August
2005
Dear
Friends
Greetings from Auckland where we are
basking in a mild and beautiful winter...well so far, and today anyway.
I hope this finds you well.
Since last October I have enjoyed
the constant support and friendship of Timra Freedman - a wonderful
wise woman from Boston. Timra is supremely healthy and energetic
and leads a fabulous full life. She exercises every day, has an excellent
diet, and has taken supplemental vitamins and minerals for years.
Timra was given a diagnosis of osteoporosis last year after a bone
mineral density scan. The only fractures she has sustained were the
result of a serious high-impact bike accident in 2001 when a car
wrongly turned across her path. As she says “I certainly don't
think that it had anything to do with the state of my bones at the
time. I just hit her car so hard!” She reluctantly took Fosamax
for 6 months and then Actonel for one month. Both drugs made her
ill.
After reading my book The
Myth of Osteoporosis Timra was
galvanised to promote the issues around the over-diagnosis and
over treatment of osteoporosis and osteopenia in the well. She
has tirelessly contacted U.S. doctors, specialists, organisations,
media, journalists, and individuals. Her Herculean efforts are
bearing fruit. On July 6 my book was very favourably reviewed
in the prestigious Journal
of the American Medical Association (JAMA) and in May was
the impetus for an article by medical journalist Judy
Foreman in the Boston Globe, New York Sun, Baltimore Sun
and the Los Angeles Times. Timra’s perseverance and dedication
prove that one person can make a difference. I am totally indebted
to her.
New ‘must
read’ books:
There are three excellent new books available on the reclassifying of healthy
people as ill and the marketing of potent drugs to prevent conditions that
may never happen or were once categorised as normal. Selling
Sickness – How Drug Companies Are Turning Us All Into Patients by
Ray Moynihan and Alan Cassels, and Overdosed
America: The Broken Promise of American Medicine by John Abramson
M.D. discuss conditions such as hypertension where the goal posts have been
moved to encompass some 50 million Americans; and ‘prehypertension’,
a category that turns previously normal blood pressure levels into a treatable
condition. Cassells and Moynihan describe the gradual blurring of the boundaries
defining normal and abnormal behaviour so that female mood swings can be categorised
as ‘premenstrual dysphoric disorder’ (PMDD), a lowering of libido
in older women ‘female sexual dysfunction’ (FSD), shyness ‘social
phobia’, and being disorganised and distracted ‘adult attention
deficit disorder’ – all conditions that have, of course, a pharmaceutical ‘solution’.

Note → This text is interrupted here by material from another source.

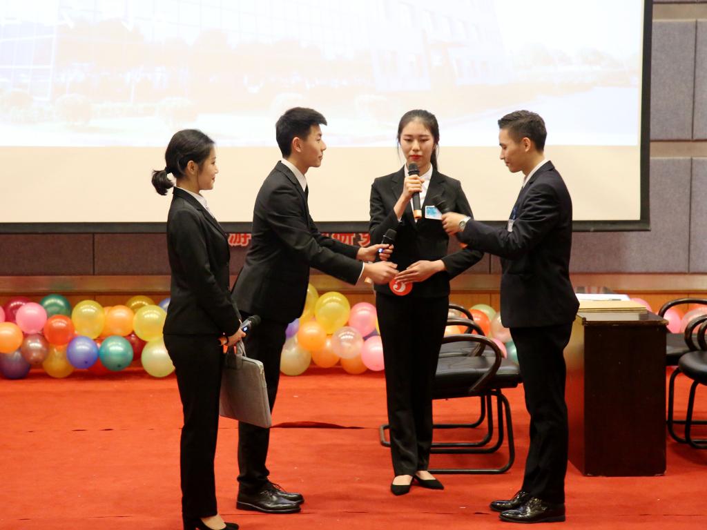 商务礼仪大赛旨在引导bat365官网学生学礼、知礼、行礼,灵活运用商务礼仪知识,领悟“新儒商”文化,塑造内外兼修的良好形象。第十五届旅游文化月之商务礼仪大赛主题是“圆职场之梦,扬礼仪之帆”。历经初赛、复赛的激烈比拼,最终有8支队伍进入决赛。比赛开始前,现场放映VCR回顾了来自bat365官网8个学院参赛报名的20多支队伍在初赛、复赛选拔中的表现,最终入选决赛的8支队伍专场培训的情景。第一个环节是团队风采,各个团队表达自己的参赛感言;第二个环节是商务礼仪相关知识问答,选手在规定的时间内需完成十道题目,不可抢答和超时;第三个环节是团队情景模拟展示,各个团队在模拟情景里展示商务礼仪,例如面试礼仪、签约礼仪,谈判礼仪,衣着礼仪等。第四个环节团队才艺展示,才艺展示形式丰富多样,小品、茶道、唱歌、体操、弹琴,展现了团队合作的风采。评委代表杜继淑老师对本场比赛的各个团队的综合表现进行了点评和总结。最终FOR WHAT队摘得本次商务礼仪大赛桂冠。

John Abramson reveals the difficulties physicians face when much of the medical
literature they have been trained to believe is accurate and scientific is
little more than cleverly manipulated data designed to market drugs.
The
Myth of Cholesterol:: Dispelling the Fear and Creating Real Heart
Health by Paul Dugliss M.D., and Sandra Fernandez M.S.P.H.,
challenges the established belief that cholesterol plays a major
role in heart disease. Just as osteoporosis has been redefined
to include almost half the adult female population, so has the
threshold been altered for a diagnosis of ‘dangerous’ cholesterol
levels. The official U.S. cholesterol guidelines have been rewritten
several times, increasing the number of people taking statin
drug treatment from 13 million in the 90’s to 40 million
in 2004. What the public aren’t told is that many of the
experts who created the new guidelines were linked to the drug
companies who stood to benefit. Neither do many people know that
studies published in JAMA and the New England Journal of Medicine
show that elevated cholesterol does not significantly increase
a healthy women's risk of heart disease or overall mortality,
and that women who exercise and maintain a healthy diet develop
83 percent less heart disease than those who don't. Remarkably,
not one of the six major clinical studies that the new cholesterol
guidelines are based on provides significant evidence that statins
are beneficial for healthy women.
Bisphosphonate
news:
Last month I wrote about a worrying and largely unacknowledged side-effect
of bisphosphonates – the chronic, often severe, joint and bone pain,
swelling of ankles and feet, muscles cramping and stiffness, and difficulty
walking reported by many women using Fosamax and Actonel. Serendipitously,
the Food and Drug Administration published
correspondence in the Archives of Internal Medicine in February 2005 analysing
over 100 reports of similar physical symptoms described by some consumers as ‘severe’ ‘extreme’ ‘disabling’ or ‘incapacitating’.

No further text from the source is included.